Thank you again for your kind comments. I have just one more thing to add. I really think my problem was being honest with myself as Lady Sarah said. I was probably a bit overattached to my parts if I am honest, and I think sometimes what I really needed was some sort of sex therapy. I know I definitely had intimacy issues when I first was with a woman, but I misinterpreted it as dysphoria.

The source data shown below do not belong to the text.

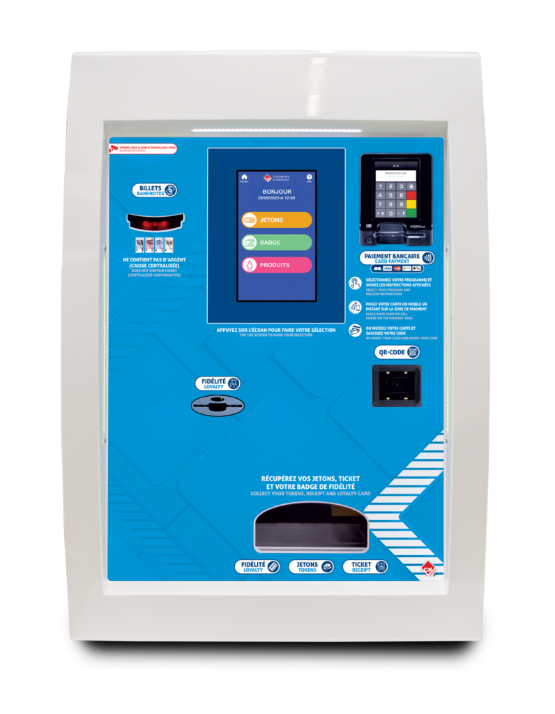 Équipé d’un écran LCD 8” avec boutons ou d’un écran tactile 8”, ce distributeur combine facilité d’utilisation et compatibilité avec toutes les options du catalogue. Il peut accueillir jusqu’à 3 trémies pour jetons, monnaie ou cartes/clés de lavage rechargeables.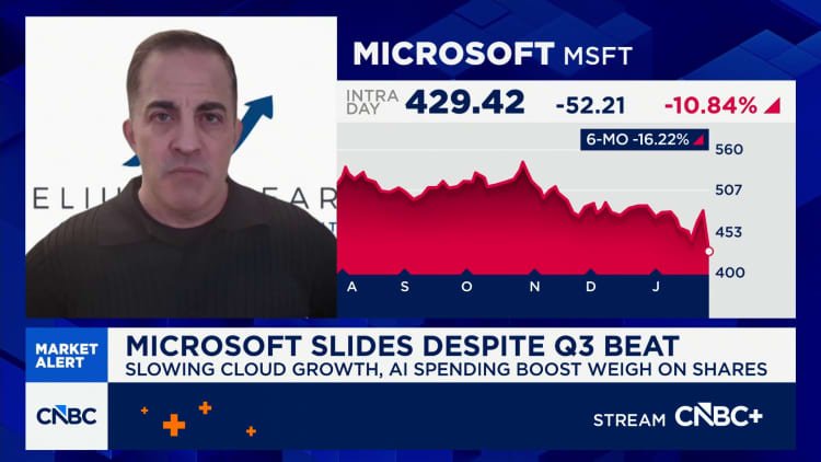La estadística de crecimiento más importante para Azure y otros servicios en la nube fue del 39 %, por debajo del consenso del 39, 4 % de StreetAccount. La compañía solicitó alrededor de $ 12 6 mil millones en ingresos fiscales del tercer trimestre del segmento de Computación Más Personal que incluye Windows, menos que el consenso de StreetAccount de $ 13 7 mil millones, y el margen operativo implícito para el nuevo trimestre también se quedó corto.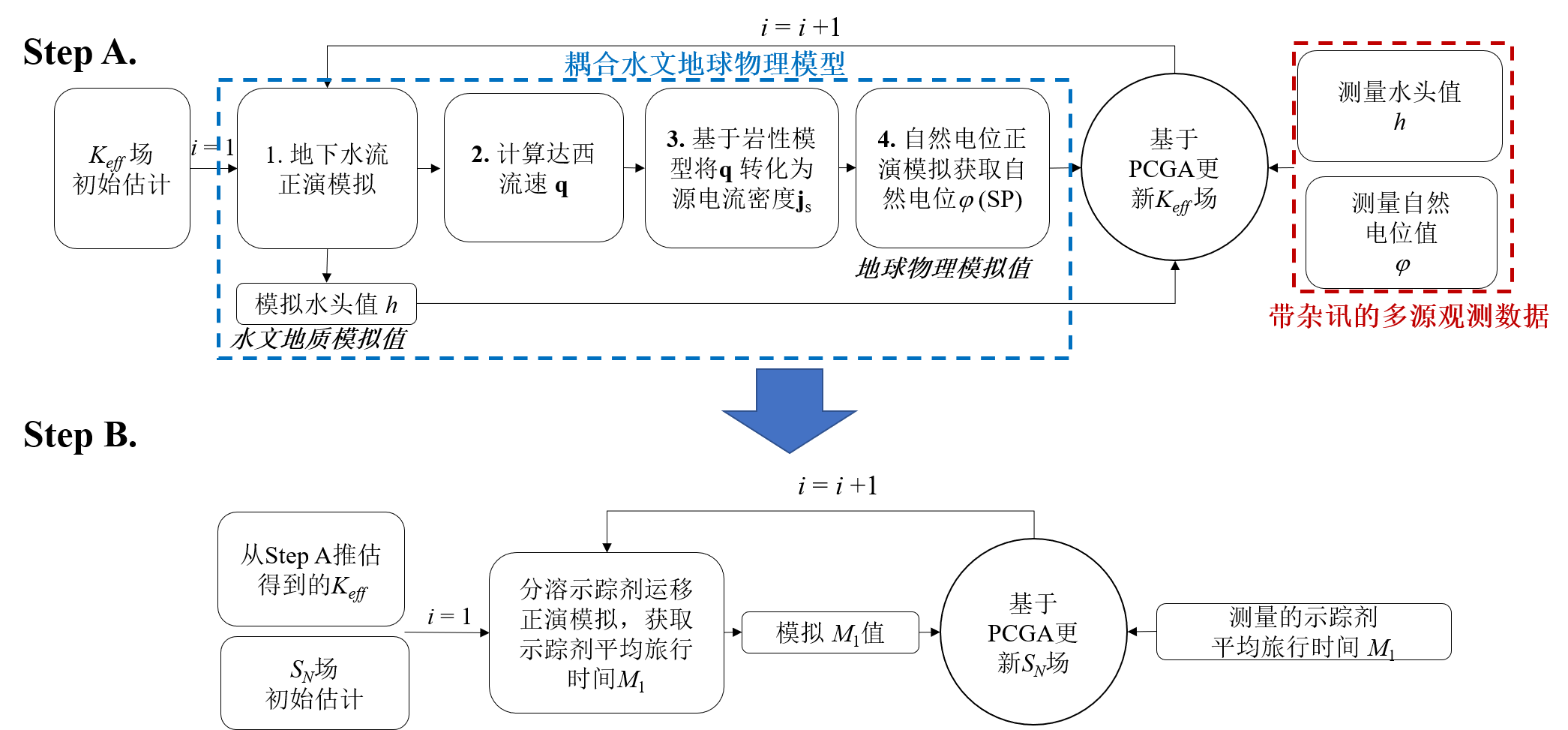 为解决上述问题,pg电子官网吴吉春教授和施小清教授课题组与美国斯坦福大学Peter K. Kitanidis教授合作,构建了一套精细刻画DNAPL污染源区结构的多源数据同化框架。该框架的先进性表现在两方面:1)融合大量廉价且低精度的水文地球物理数据(如self-potential自然电位,SP)与少量高精度的钻孔观测数据(如压力水头,示踪剂浓度),从而以较低的观测成本实现DNAPL场址的高精度刻画。自然电位法是一种无损物探方法,通过布设于地表的电极来监测地下流体造成的电性差异,基于此电性差异可间接获知地下流体的动态与含水层非均质空间结构。由于自然电位法无需布设钻孔,仅通过地表电极便可实现监测,其观测成本大大低于钻孔调查。但限于信号干扰和岩性物理关系,自然电位数据的测量精度通常较低。基于数据融合思路,本次研究联合了大量廉价-低精度的自然电位数据与少量昂贵-高精度的水力层析数据(压力水头),可以较低的成本获得高精度的渗透系数空间分布。基于此高精度渗透系数估计结果,进一步融合分溶示踪剂数据(partitioning tracer),从而实现DNAPL场址的高精度刻画。2)采用主成分地质统计反演方法(Principal Component Geostatistical Approach, PCGA),对协方差矩阵进行低秩估计,从而大大缓解了高维参数反演问题的计算负担。该多源数据同化框架的流程图参见图1。

One other complication in my story is that I couldn't afford my medications, which including antiandrogens were very expensive. We have a public health system in my country, which theoretically could have covered the cost for me, but my GPs would never prescribe them even though I had a letter from a private psychotherapist advising them to, even suggesting that he could take the responsibility on their behalf, because they said they had to be prescribed by a public doctor for the funding to work. The only way for me to have done that would have been to wait over three years to see someone which I couldn't last for on the money I had. By having the operation, they had to prescribe them because there would be a medical need at that point. In fairness, my psychotherapist said that everyone before me had managed to get their medications prescribed using his letter, so I believe that I probably had a GP surgery that was dead set against it. The irony was that the more they tried to block my medications, the more determined I became and I ended up doing that exact opposite of what they wanted. I was a typical teenager in that respect.

I will leave this thread now and at some point I wwill make an introduction on this forum, and I promise try and be positive. Despite my situation I still feel kinship with the trans community as before, and have several friends who are trans. I was just a bit unfortunate because I didn't really understand myself and wasn't as honest as I could have been. I hope everyone has a great day, thanks for being here. I will stop ruminating now.